Firstly, we could use a mathematical software package, such as MATHEMATICA1, MAPLE2or MATLAB.3 The main advantage of these packages is that they facilitate the very rapid coding up of numerical problems. The main disadvantage is that they produce executable code which is interpreted, rather than compiled. Compiled code is translated directly from a high-level language into machine code instructions, which, by definition, are platform dependent--after all, an Intel x86 chip has a completely different instruction set to a Power-PC chip. Interpreted code is translated from a high-level language into a set of meta-code instructions which are platform independent. Each meta-code instruction is then translated into a fixed set of machine code instructions which is peculiar to the particular hardware platform on which the code is being run. In general, interpreted code is nowhere near as efficient, in terms of computer resource utilization, as compiled code: i.e., interpreted code run a lot slower than equivalent compiled code. Thus, although MATHEMATICA, MAPLE, and MATLAB are ideal environments in which to perform relatively small calculations, they are not suitable for full-blown research projects, since the code which they produce generally runs far too slowly.

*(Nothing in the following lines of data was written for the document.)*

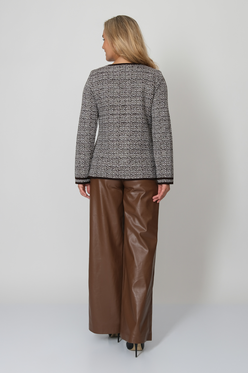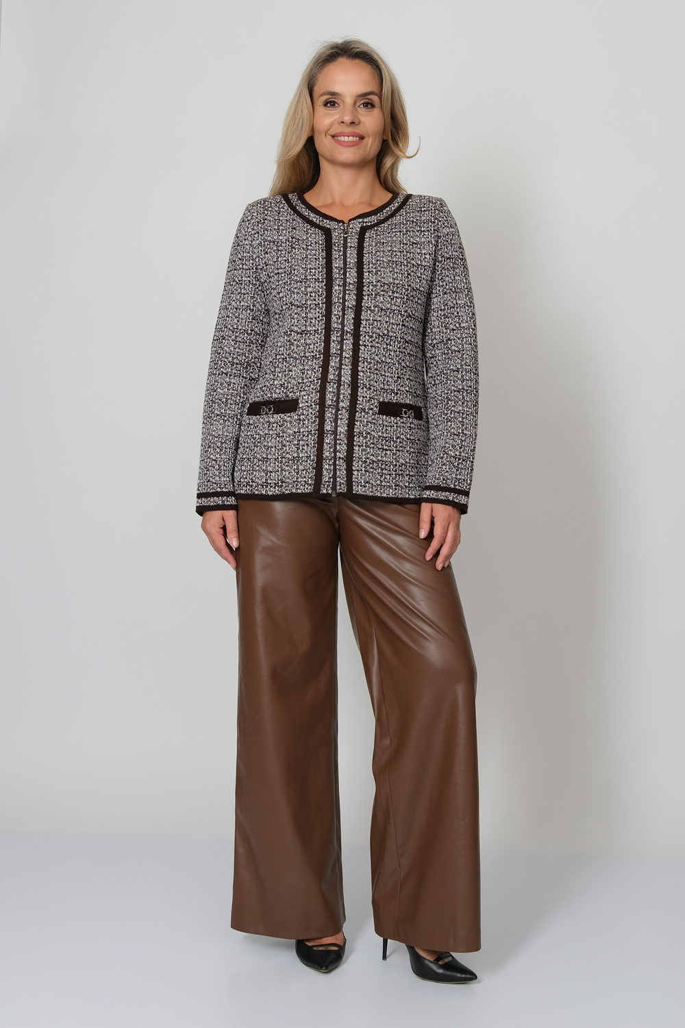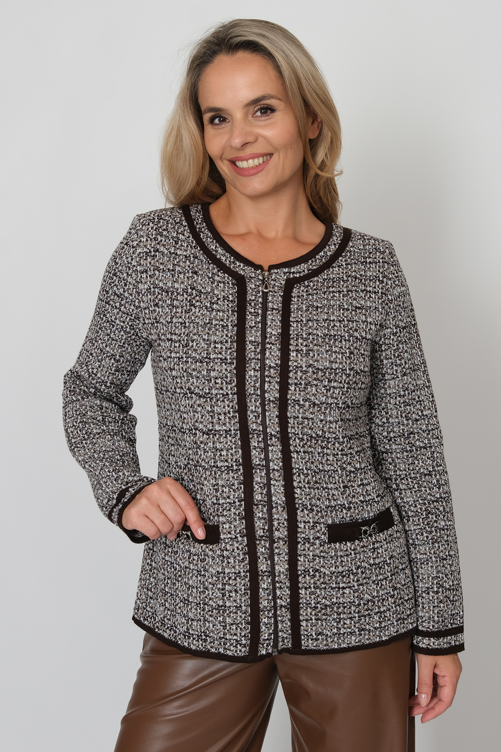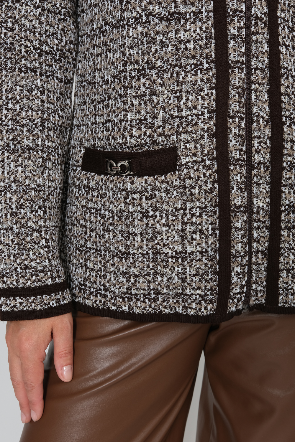 - Женский вязаный жакет в классическом стиле полуприлегающего силуэта, с круглой горловиной, на молнии. Классический пиджак производства Беларусь. Трикотажный пиджак выполнен из высококачественной пряжи с составом 30% хлопок 70% ПАН. Классическая кофта имеет круглую горловину без воротника и два прорезных кармана с листочкой и декоративным украшением. Длина изделия 60 см, длина рукава 61 см. Деловой жакет застегиваются на молнию по всей длине изделия. Вязаная кофта с контрастной отделкой горловины, рукавов и планки под молнию. Строгий офисный жакет полуприлегающего силуэта подойдет для любого типа фигуры. Хлопковый пиджак подарит комфорт и уют в носке, как помещении в холодное время года, так и в качестве верхней одежды прохладным летом. Классический жакет прекрасно поддержит стильный, строгий офисный стиль в комплекте с юбкой или брюками, а также отлично подойдет для выхода на различные мероприятия и прогулки с друзьями в комплекте с джинсами.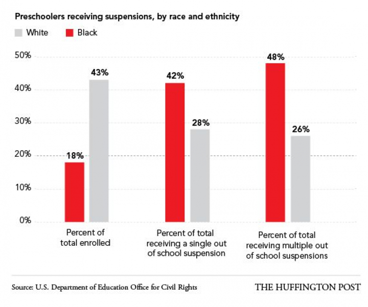 "Los niños negros representan un 18% de las matrículas en preescolar, pero un 42% han sido expulsados del colegio una vez y un 48% más de una vez", según un informe del Departamento de Educación, publicado en marzo.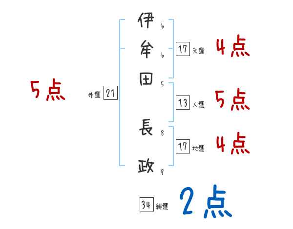 総運![]() | 伊牟田長政さんの総運は34画の2つ星!独創性に優れるが、自尊心が強く災難に注意しましょう。 あなたの人生を表す1番重要な運勢です。生涯を通じて影響する総合運となり、主に50歳以降の晩年期に影響を及ぼします。 |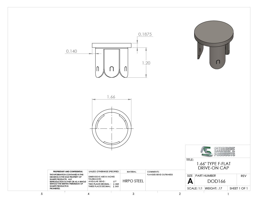 #DOD166 - STEEL FLAT DRIVE-ON CAP 1 1/4" PIPE SCH 40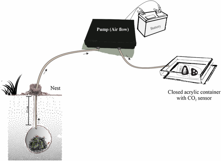 Claustral foundation of nests by Atta sexdens Forel (Hymenoptera: Formicidae) involves great effort by its queens, solely responsible for the cultivation of the fungus and care for her offspring at this stage. The minimum workers, after 4 months, open access to the external environment to foraging plants to cultivate the symbiotic fungus, which decomposes the plant fragments and produces gongilidea nodules as food for the individuals in the colony. Colony gas exchange and decomposition of organic matter in underground ant nests generate carbon dioxide (CO2) emitted into the atmosphere. We described the carbon dioxide concentration in colonies in the field. The objective was to evaluate the carbon dioxide concentration in initial A. sexdens colonies, in the field, and their development. The CO2 level was also measured in 4-month-old colonies in the field, using an open respirometric system fitted with an atmospheric air inlet. The CO2 level of the respirometric container was read by introducing a tube into the nest inlet hole and the air sucked by a peristaltic pump into the CO2 meter box. The CO2 concentration in the initial colony was also measured after 4 months of age, when the offspring production (number of eggs, larvae, pupae and adult workers) stabilized. Ten perforations (15 cm deep) was carried out in the adjacent soil, without a nest of ants nearby, to determine the concentration of CO2. The composition of the nests in the field was evaluated after excavating them using a gardening shovel and they were stored in 250 ml pots with 1 cm of moistened plaster at the bottom. The CO2 concentration was higher in field nest than in adjacent soil. The concentration of carbon dioxide in A. sexdens nests in the field is higher than in those in the soil, due to the production of CO2 by the fungus garden and colony.

Secondly, we could write our own programs in a high-level language, but use calls to pre-written, pre-compiled routines in commonly available subroutine libraries, such as NAG,4 LINPACK,5 and ODEPACK,6 to perform all of the real numerical work. This is the approach used by the majority of research physicists.
Thirdly, we could write our own programs--completely from scratch--in a high-level language. This is the approach used in this course. I have opted not to use pre-written subroutine libraries, simply because I want students to develop the ability to think for themselves about scientific programming and numerical techniques. Students should, however, realize that, in many cases, pre-written library routines offer solutions to numerical problems which are pretty hard to improve upon.